WORK REQUIRED
Transcribe the material verbatim, starting at its first line and stopping once the line containing "Luomu, maidoton ja" has been given; no picture should appear.

SOURCE MATERIAL
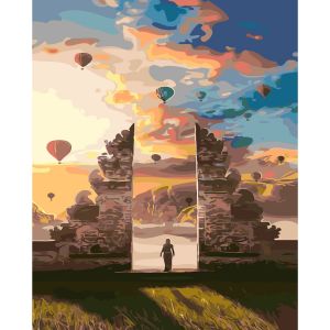 Картина за номерами Strateg ПРЕМІУМ На порозі неба з лаком розміром 40х50 см SY6299
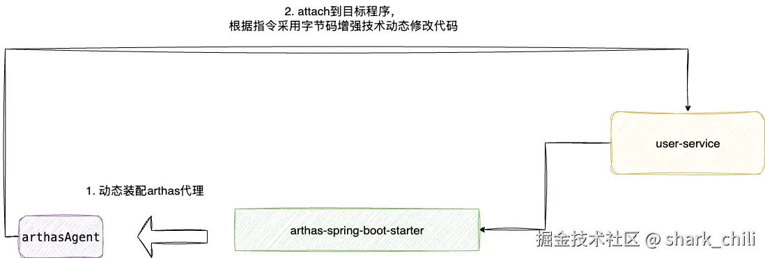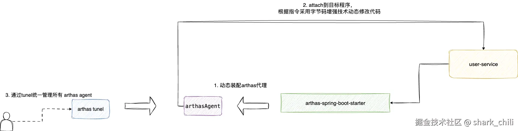 基于上述的说明,我们大体了解的监控诊断的一套理想架构,而本文将针对该架构进行演示和实践,按照arthas官网的说明,对于spring boot项目,我们在项目中引入arthas-spring-boot-starter,其底层会启动一个arthas进程并attach到装配的应用上,由此构建出当前服务的arthas agent:
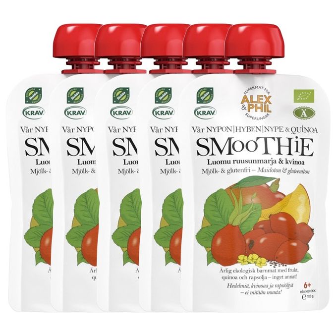 Luomu, maidoton ja gluteeniton ruusunmarja ja kvinoa smoothie. Sopii lapsille 6kk iästä alkaen.
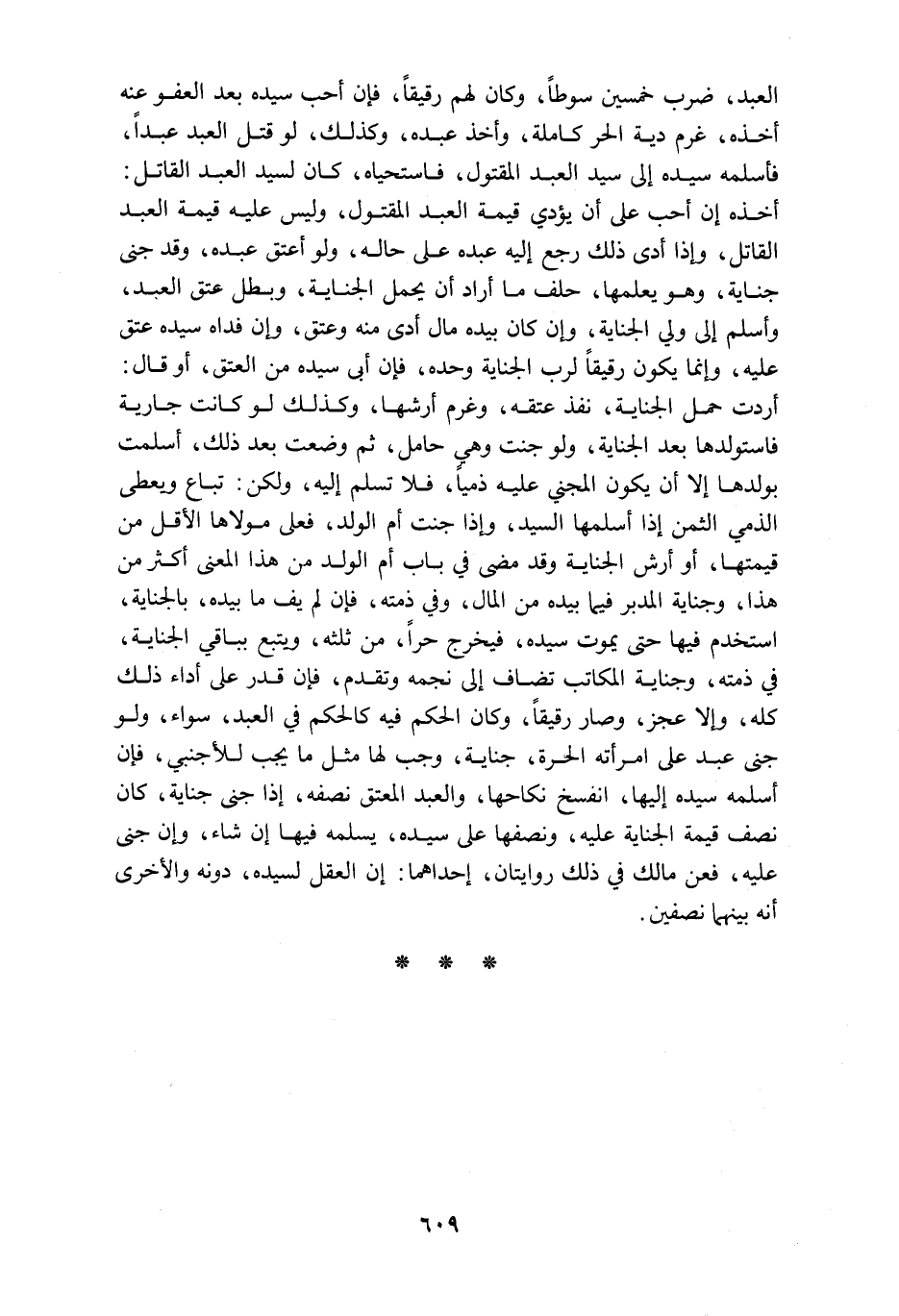العبد ضرب خمسين سوطا وكان لهم رقيقا فإن أحب سيده بعد العفو عنه أخذه غرم دية الحر كاملة وأخذ عبده وكذلك لو قتل العبد عبدا فأسلمه سيده الى سيد العبد المقتول فاستحياه كان لسيد العبد القاتل أخذه إن أحب على أن يؤدي قيمة العبد المقتول وليس عليه قيمة العبد القاتل وإذا أدى ذلك رجع إليه عبده على حاله ولو أعتق عبده وقد جنى جناية وهو يعلمها حلف ما أراد أن يحمل الجناية وبطل عتق العبد وأسلم إلى ولي الجناية وإن كان بيده مال أدى منه وعتق وإن فداه سيده عتق عليه وإنما يكون رقيقا لرب الجناية وحده فإن أبى سيده من العتق أو قال أردت حمل الجناية نفذ عتقه وغرم أرشها وكذلك لو كانت جارية فاستولدها بعد الجناية ولو جنت وهي حامل ثم وضعت بعد ذلك أسلمت بولدها إلا ان يكون المجني عليه ذميا فلا تسلم إليه ولكن تباع ويعطى الذمي الثمن إذا أسلمها السيد وإذا جنت ام الولد فعلى مولاها الأقل من قيمتها أو أرش الجناية وقد مضى في باب أم الولد من هذا المعنى أكثر من هذا وجناية المدبر فيما بيده من المال وفي ذمته فإن لم يف ما بيده بالجناية استخدم فيها حتى يموت سيده فيخرج حرا من ثلثه ويتبع بباقي الجناية في ذمته وجناية المكاتب تضاف الى نجمه وتقدم فإن قدر على أداء ذلك كله وإلا عجز وصار رقيقا وكان الحكم فيه كالحكم في العبد سواء ولو جنى عبد على امرأته الحرة جناية وجب لها مثل ما يجب للأجنبي فإن أسلمه سيده إليها انفسخ نكاحها والعبد المعتق نصفه إذا جنى جناية كان نصف قيمة الجناية عليه ونصفها على سيده يسلمه فيها إن شاء وإن جنى عليه فعن مالك في ذلك روايتان إحداهما إن العقل لسيده دونه والأخرى أنه بينهما نصفين

EXERCISE RESULT
 Картина за номерами Strateg ПРЕМІУМ На порозі неба з лаком розміром 40х50 см SY6299
 基于上述的说明,我们大体了解的监控诊断的一套理想架构,而本文将针对该架构进行演示和实践,按照arthas官网的说明,对于spring boot项目,我们在项目中引入arthas-spring-boot-starter,其底层会启动一个arthas进程并attach到装配的应用上,由此构建出当前服务的arthas agent:
 Luomu, maidoton ja gluteeniton ruusunmarja ja kvinoa smoothie. Sopii lapsille 6kk iästä alkaen.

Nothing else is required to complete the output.